On the other hand, the 3D hFOB microsphere, after 7 days of cultivation, exhibits an increase in the colonization of the surface of the PLA fiber membrane (Figure 6D–F). In the micrographs, a zone of high growth in the topographical surface membrane from the periphery of the microsphere of around 91.28 ± 2.38 μm could be observed, and the growth occurred in a guided manner due to the presence of the polymeric fibers around the microsphere, allowing for greater interactions amongst the viable cells that are exiting the growth zone (Figure 6E,F).
A similar behavior could be observed in the 3D DP-MSC microsphere, whereby the cells that move away from the periphery remain viable and colonize the surface topography of the membrane at approximately 193.84 ± 7.22 μm (Figure 7D–F). Moreover, the growth and colonization of the cells continues to occur radially with specific points of greater covering and interactions with the random orientation of the fiber surface of the PLA membrane (Figure 7E,F).

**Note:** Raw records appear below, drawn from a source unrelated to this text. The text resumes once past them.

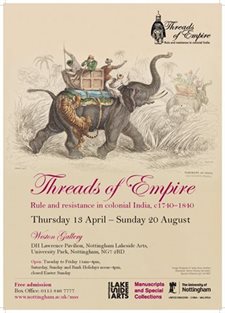 Based on The University of Nottingham’s extensive archives on colonial India, 'Threads of Empire' examined the history of tense negotiation, resistance and rebellion that lay behind the emergence of India as the ‘Jewel in the Crown’ of the British Empire. It explored the rise of the British Empire in India, predominantly between 1740 and 1840.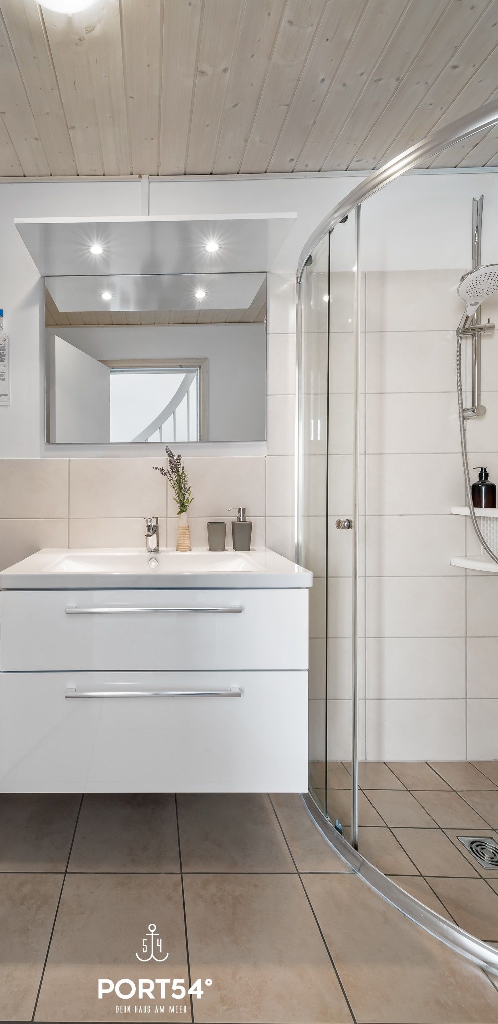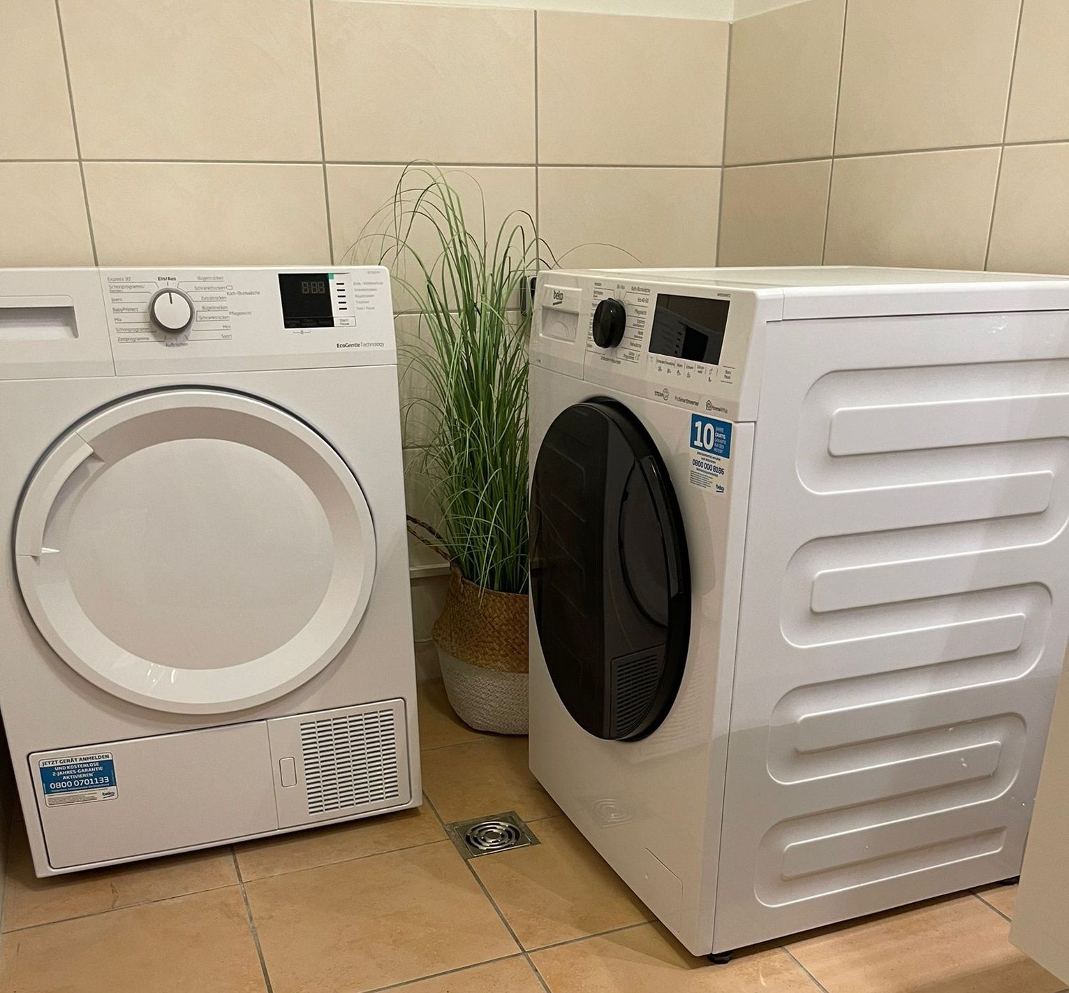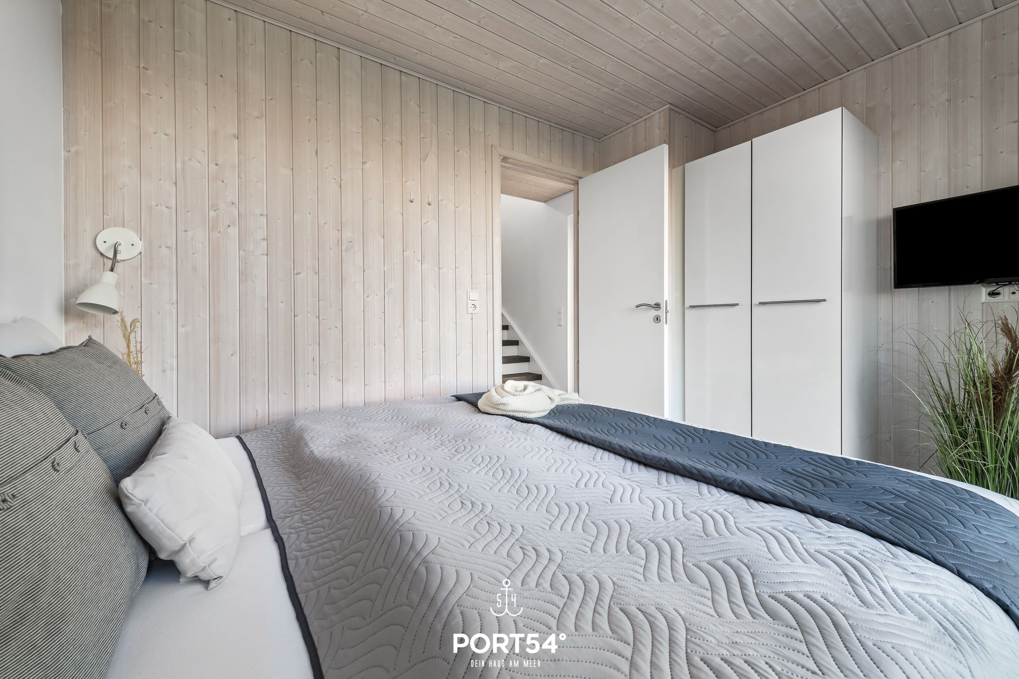 Das Haus bietet zwei separate Schlafzimmer und einen weiteren Schlafbereich (Schlafcouch im Wohnzimmer) mit insgesamt bis zu sechs Schlafmöglichkeiten. Im modern gestalteten Badezimmer befindet sich eine bodengleiche Dusche, Fußbodenheizung, WC, Waschbecken und Haartrockner. Waschmaschine und Trockner stehen zur Eigennutzung bereit – ideal für längere Aufenthalte oder Familien mit Kindern. Zur weiteren Ausstattung zählen Staubsauger, Wäscheständer und Garderobe.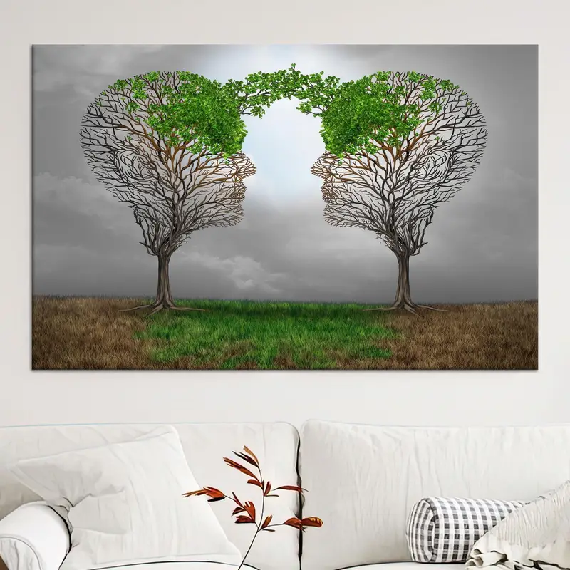 Hopeful Spring Canvas: Abstract Tree Couple Therapy Art Print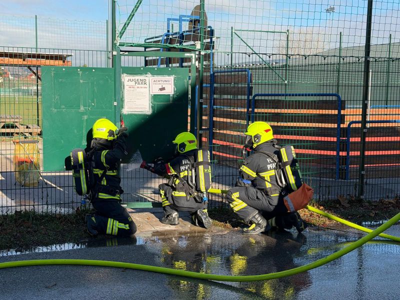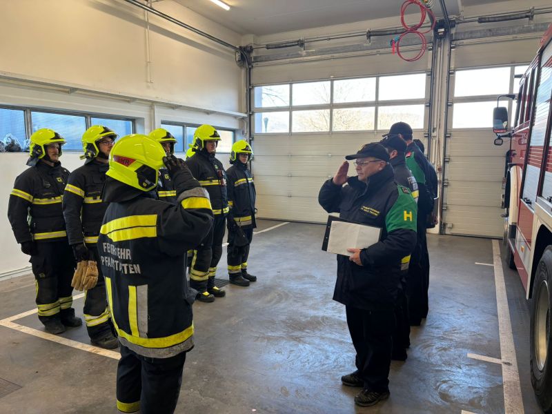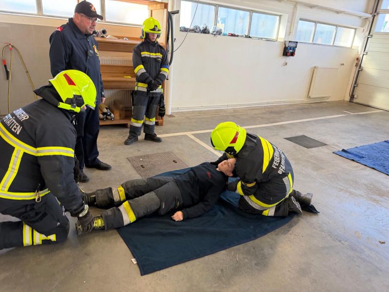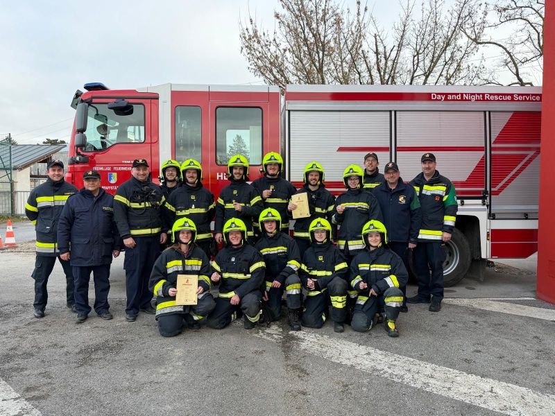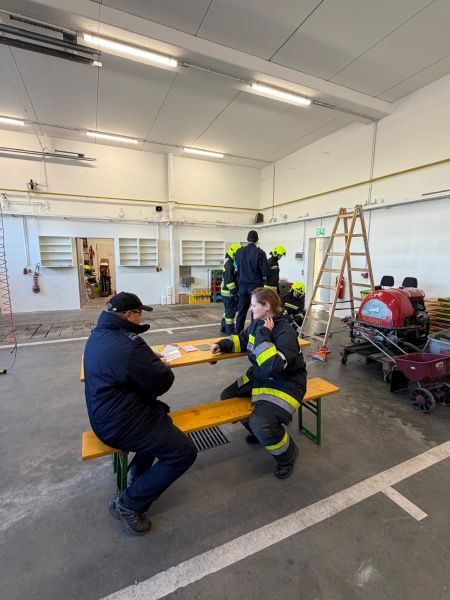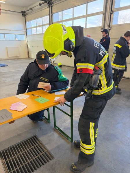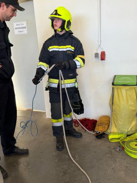 Im Rahmen der Ausbildungsprüfung wurden neben der praktischen Abwicklung eines Löscheinsatzes, auch Wissensüberprüfungen in den Bereichen Taktik, Geräte-, Gefahren-, Knotenkunde und Erste-Hilfe durchgeführt.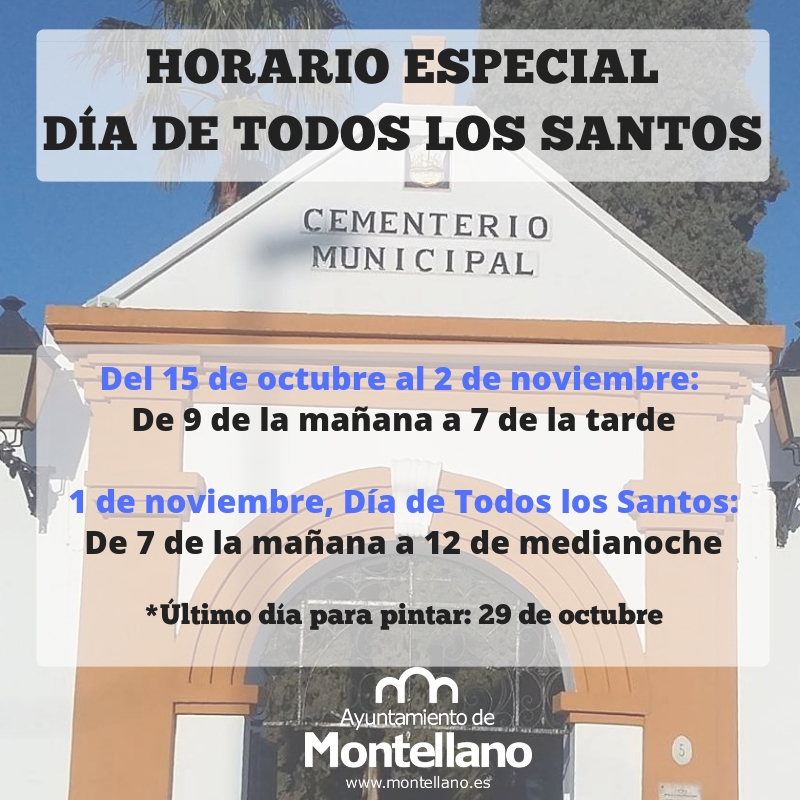 Les informamos que de cara a la festividad de los Santos, el Cementerio Municipal abrirá en horario de 9 de la mañana a 7 de la tarde hasta el próximo 2 de noviembre . No obstante, el día 1 de noviembre (día de Todos los Santos) su horario será de 7 de la mañana a 12 de la medianoche.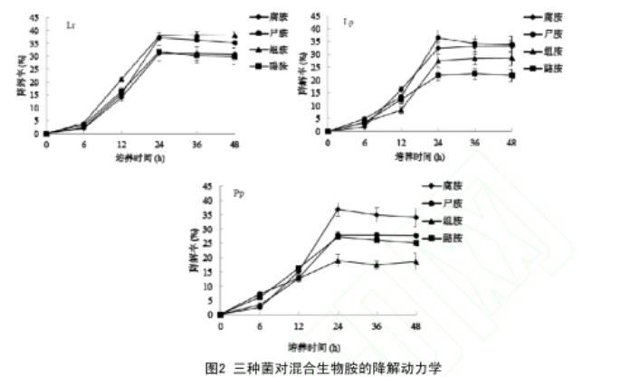 從圖2可以看出,分離到的三種菌均能夠同時降解腐胺、尸胺、組胺和酪胺,在24 h內,菌對肉湯培養基中生物胺的降解率逐漸升高,并在24 h達到最大降解量,此后基本持平或略有下降。其中,菌株Lr對組胺和尸胺有較強的降解能力,最高分別可達37.87%和37.11%;菌株Lp對腐胺和尸胺有較強的降解能力,最高分別可達32.39%和36.39%;菌株Pp也表現出較強的腐胺和尸胺降解能力,最高分達36.92%和27.89%。由此可知,Lr、Lp和Pp在發酵食品中具有一定的應用潛力。由圖1和圖2可得出結論:24 h為菌體最佳收獲時期同時也是菌體降解生物胺的最佳時期,如果發酵時間延長,菌體或多或少會產生一些有毒的代謝產物,這將影響魚肉的品質安全性,所以合適的菌株發酵時間非常重要。

In our results, it is possible to observe the core center related to the senescent and dead cells associated with the limited diffusion of oxygen and nutrients, decreasing cell viability in the inner layers; however, this reduction in the viability does not affect the growth, interaction, and colonization behavior of the cells on the topographical surface of the fibrillar PLA membrane. Moreover, in the micrographs, some zones of the internal structure related to the core center are not completely stained when using DAPI for nuclear localization. A possible explanation could be related to the poor penetration of DAPI staining in the microsphere. This penetration depth can be affected depending on various factors such as the size of the microsphere, the density and compaction of the cell layers, the incubation period used for the labeling, the concentration of the dye, and due to the light-scattering in thick specimens as the microsphere. In addition, we used epifluorescent microscopy as a strategy for end-point fluorescence images of fixed microspheres that limited the analysis. A possible strategy to solve this limitation could be the microsphere clearing technique that enables 3D volumetric imaging by reducing light-scattering and improving the penetration of label dye staining [27,28].

4. Discussion

Bones perform important functions in life, such as providing mechanical support for locomotion, protecting organs, and controlling mineral homeostasis. These functional properties are affected by diseases or traumas that cause bone defects so that the bone itself cannot be regenerated. To solve this issue of diminished capacity induced by bone defects, bone tissue engineering is seeking new alternatives to achieve or help the regeneration of bone tissue, and one of those strategies is through the use of mesenchymal stem cells (MSC).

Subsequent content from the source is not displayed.